Consistent with the state’s focus on renewable development, the statute discourages the use of diesel back up generators in Microgrids.
The CPUC’s decision, part of a longer implementation process, requires public input, followed by conforming tariff changes and compliance reports to identify progress in implementation.
In the public meetings, SDG&E, PG&E, and SCE must propose and review pre-approved uniform single line microgrid interconnection diagrams, thus expediting interconnection of Microgrids. Further, the three utilities must develop templates for applications for interconnection of three types of Microgrids:
- Distribution level interconnection of storage equipment with < 10 kW of capacity that will not export to the grid;
- Storage systems that are incorporated into net metered systems of < 30 kW of solar and <10 kW of storage; and
- Net metered solar systems of <30 kW.
In addition, the CPUC required the three utilities to submit tariffs for approval concerning:
- Safety and reliability technical criteria for determining when Microgrid installations need field inspections ; and
- The process that utilities will use for accepting video or other photographic evidence in lieu (“virtual inspections”) of an in-person inspection.

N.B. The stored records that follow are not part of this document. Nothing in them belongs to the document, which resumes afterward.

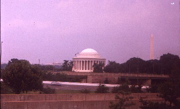 7/22/1990 The next morning I awoke just as the train was arriving at Alexandria and repeated the views of arriving at Washington, DC. It was overcast with low clouds as we crossed the Potomac River and entered the District of Columbia. As it was Sunday, the streets were empty, making our nation's capital more like a ghost town than the bustling place of our national government. We proceeded into the tunnel and after passing under Capitol Hill, arrived at Washington Union Station for the last time, where I detrained after a nice quick trip from Miami and had seven hours to fill.
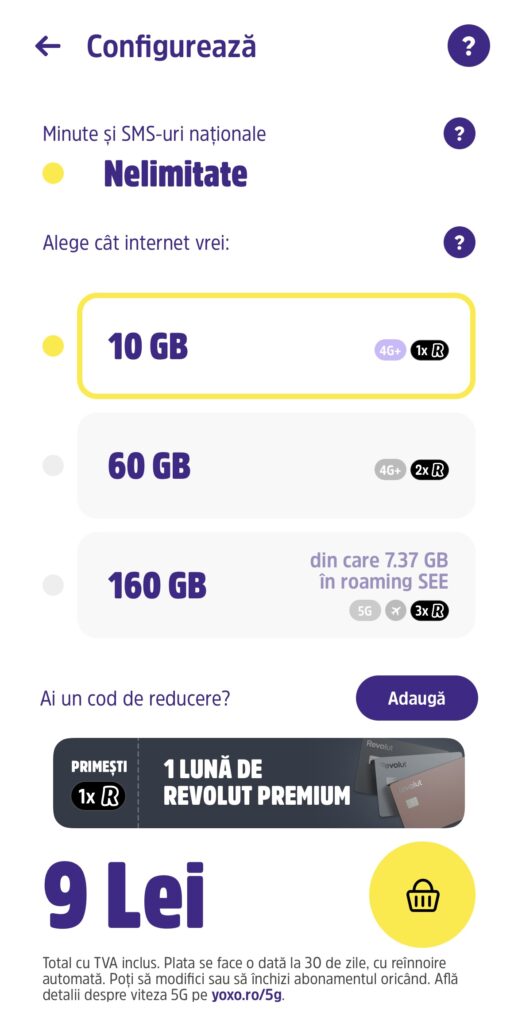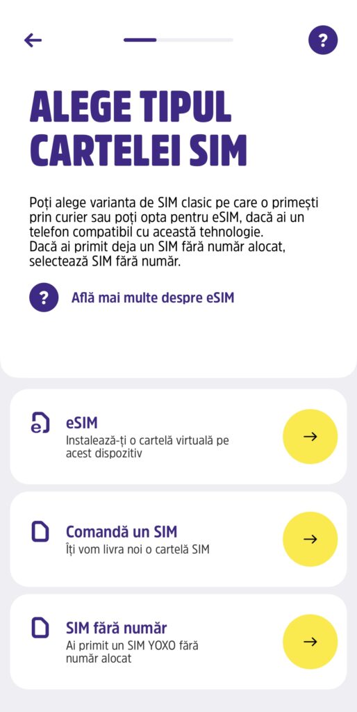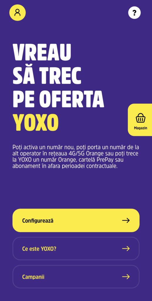 În funcție de ce alegi aici, pașii următori se schimbă puțin. Dacă vrei un număr nou de telefon și telefonul tău suportă asta, vei primi un eSIM, o cartelă virtuală, sau YOXO îți va trimite o cartelă fizică (din materiale reciclabile). Alegi abonamentul care îți sună bine, lași a doua cafea pe zi pentru altă dată și ai un abonament la YOXO cu nouă lei.  Unde mai pui că orice modificare vrei să faci sau să adaugi extra opțiuni, ai totul accesibil și ușor de folosit în aplicație.
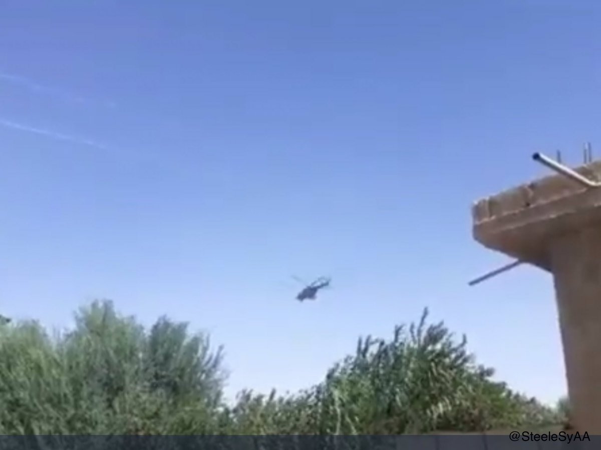Russian helicopter during survey flight over the village of “al Ali” which is located just west of

The CPUC required the utilities to update their technical documents and handbooks to provide examples of project types for which utilities expect to allow virtual inspections.
To implement this process, the CPUC authorized the utilities to hire additional staff and information technology resources to their interconnection study and distribution upgrade teams.
In addition to the above process, the CPUC required SDG&E, PG&E, and SCE to file tariffs allowing customers with Microgrid systems to charge their battery systems from the grid in advance of a noticed PSPS event and to remove the size limit on battery systems charged by solar generators in their respective net metering tariffs. Previously, the discharge capacity of such net-metered storage was not permitted to exceed the net metered generator’s maximum capacity, and the maximum energy discharged by the storage device could not exceed 12.5 hours of storage per kW.
The CPUC ordered the utilities to meet with affected municipal and tribal governments to provide greater transparency on grid operations. The meetings are to include:
education about, at a minimum, how the electric transmission system and distribution system operates in the area, local grid topology and circuit configuration, electric transmission and distribution infrastructure investment and operational plans, weather and climatology analysis predictions for future PSPS events, predictive scenarios, and a reflection on local and tribal government input.
The utilities also must identify opportunities for greater governmental input and participation, such as an “access-restricted portal” to information on additional “in front of the meter microgrid development opportunities.”
Finally, the CPUC addressed several elements of the wildfire preparation plans prepared by PG&E. In particular, the CPUC approved several measures for preparedness, but limited its approval to the 2020 wildfire season. These plans allow “mobile, temporarily-sited distributed generation at substations, mid-feeder line segments serving commercial corridors and commercial facilities, and backup power support for societal continuity during PSPS events, including backup power for Community Resource Centers.” The CPUC temporarily allowed PG&E to use mobile, distributed, diesel generation, subject to reporting on PG&E’s need for, and usage of, diesel generation.
The timetable for implementation of each element of the CPUC’s decision varies between 30 and 60 days. The CPUC has not yet issued a schedule regarding Tracks 2 and 3 of the Rulemaking proceeding.